Senior Data Scientist, Experimentation Practice

Maximizing our potential as a learning organising is central to meeting Spotify’s Mission to unlock the potential of human creativity—by giving a million creative artists the opportunity to live off their art and billions of fans the opportunity to enjoy and be inspired by it. Business leaders and product teams depend on learnings to inform their daily decisions by understanding how people experience music through products.

What you’ll do:

Working across our embedded community of data scientists and engineers — and partnering closely with central tooling and infrastructure teams — you’ll lead Spotify’s effort to develop and make easy to adopt shared practices from science, ensuring high quality data science outputs always reflective of our combined learnings and expertise.

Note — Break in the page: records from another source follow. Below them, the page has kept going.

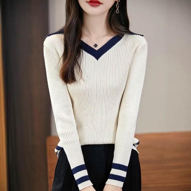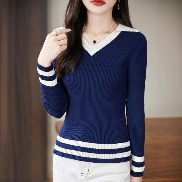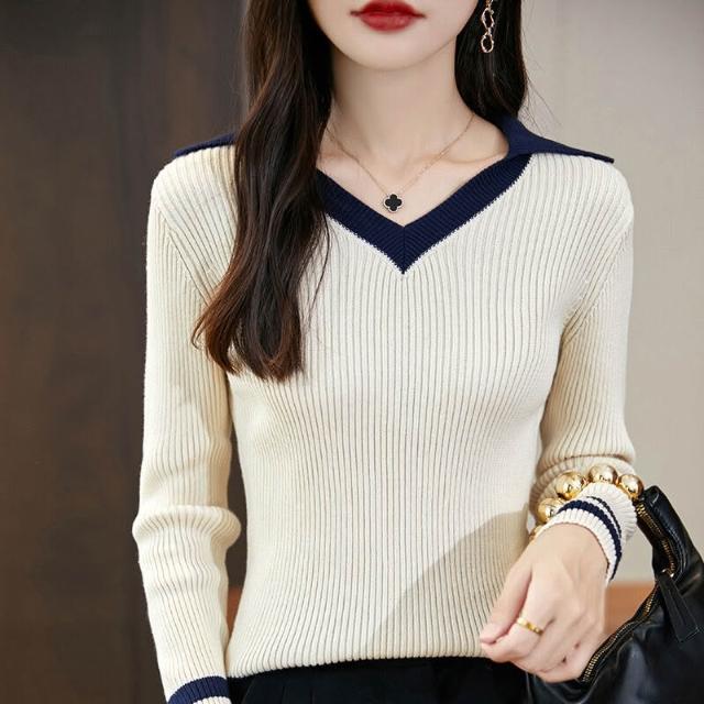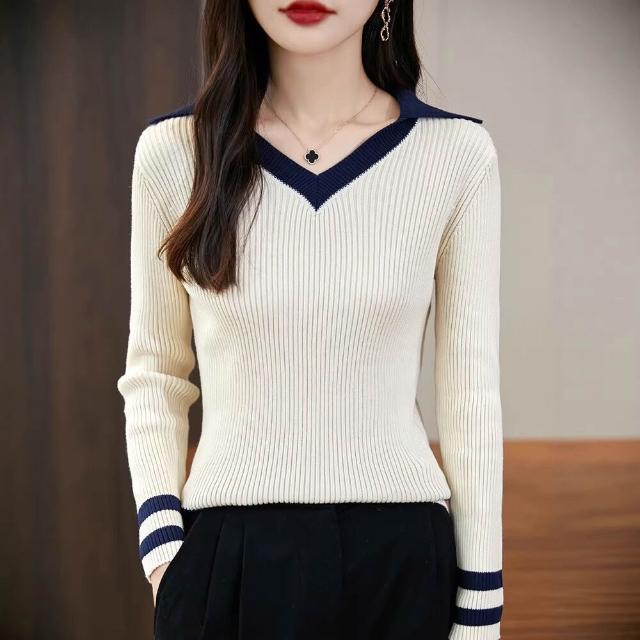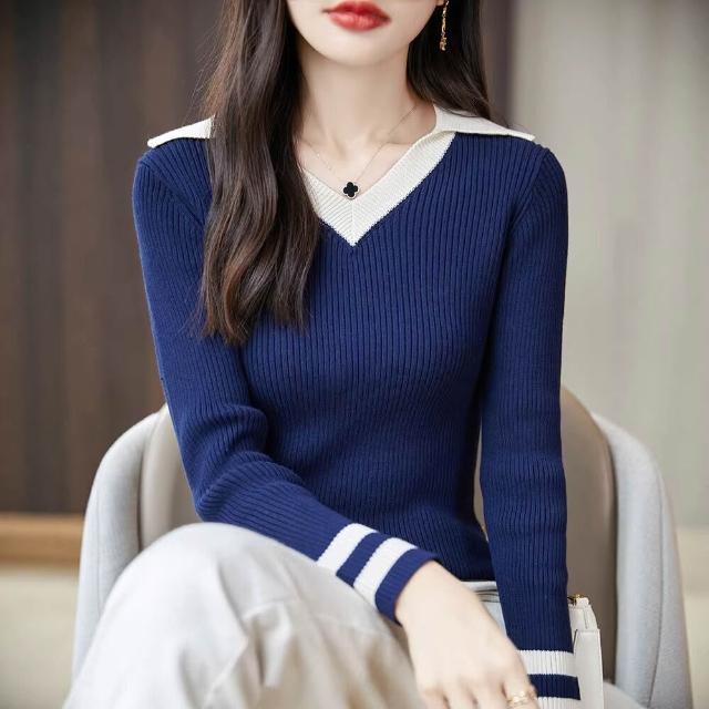 Seven七- 新款純棉線翻領針織衫2026年春秋長袖抽條修身拼色套頭打底衫上衣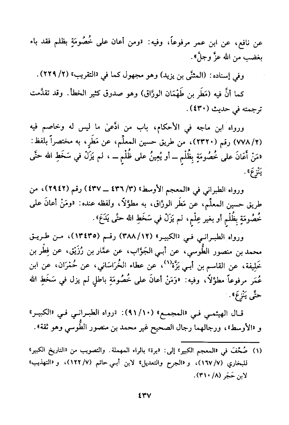 ورواه الطبراني في "الكبير" (١٢/ ٣٨٨) رقم (١٣٤٣٥)، من طريق محمد بن منصور الطُّوسي، عن أبي الجَوَّاب، عن عمَّار بن رُزَيْق، عن فِطْر بن خَلِيفة، عن القاسم بن أبي بَزَّة (¬١)، عن عطاء الخُرَاسَاني، عن حُمْرَان، عن ابن عُمَر مرفوعًا مطوَّلًا"، وفيه: "ومَنْ أعانَ على خُصُومَةِ باطلٍ باطل لم يزل في سَخَطِ اللَّه حتَّى يَنْزِعَ".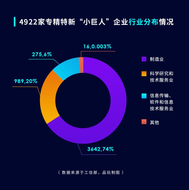 从大背景上来看,国家发展专精特新中小企业是为强化科技创新和产业链供应链韧性,补链强链、解决“卡脖子”难题,因而,我国“专精特新”发展方向重点围绕制造业十大重点领域,并着力突破工业“四基”发展瓶颈。由此,能够获得“专精特新”认证的中小企业大多分布于制造业。根据工信部2021年公布的数据, 近5千家“专精特新”小巨人企业当中,74%集中于制造业,20%分布于科学研究和技术服务业,6%分布于信息传输、软件和信息技术服务业。

By engaging across disciplines you’ll develop a practice that’s easy for others to adopt and is equally easy for others to contribute to. You’ll build and maintain an evolving set of shared principles, shared tools, shared knowledge and most importantly shared behaviours for how we produce and manage data for insights across the company.

You’ll work with data scientists to cultivate a shared practice for experimentation to maximize the speed and impact of our tests. You’ll partner with our Experimentation Platform teams to make sure they’re aware of the highest priority needs of data scientists.

This is a hands on practice leadership role. As a result of your efforts, every team at Spotify will be better equipped to design and analyze experiments. Ultimately you will take on complex large scale experimentation related problems covering user and creator behaviours across our broad range of mobile and connected platforms.

Who you are

  • You’re passionate about the role of experimentation in maximizing a company’s potential as a learning organisation. Your passion for good practice is infectious. As you continuously improve your own practice, Spotify’s practice will improve alongside you.
  • You’re collaborative. You work hands on with a wide variety of teams to ensure that both the most recent needs of the community are reflected in our shared practice and that behaviours of the community are changing to adopt it. When there are competing shared practices you facilitate discussions, providing your experienced perspective where needed, in order to establish a single view, e.g. the guiding principles or when to use which practice. When infrastructure is missing or incomplete you surface the needs and work with infra teams to ensure that they are understood.
  • You’re innovative. You’re a builder. You show people the value of your ideas by bringing them to life in tangible, innovative ways. You work closely with central engineering and infrastructure teams to tackle the most complex challenges at Spotify are addressed in a sustainable way.
  • You’re playful. You’re always looking for new ways to engage across disciplines to build engagement and cultivate a shared sense of ownership of the practice.
  • You’re sincere. As community lead, you take an active interest in your own development and the development of other data scientists across the organisation.

Qualifications

  • 5+ years as a practicing data scientist.
  • A high level of ability in data science languages such as SQL and Python and/or R.
  • Some previous experience leading data scientists in developing and adopting shared practice is essential (e.g. building an internal community of practice, contributing to open source)
  • 2+ years designing and analyzing online experiments at a tech company
  • 2+ years working directly with product or business managers to carry out experiments in order to meet product or business goals (e.g. improving success metrics)
  • Ideally you have knowledge of existing best practices (e.g. multiple comparisons, stopping rules, heterogeneous treatment effects, Bayesian tests) and would be able to help drive adoption across Data Scientists at Spotify, collaborating with Experimentation Platform teams to provide infrastructure as needed.
  • Formal education in experimentation or causal inference would be considered an advantage.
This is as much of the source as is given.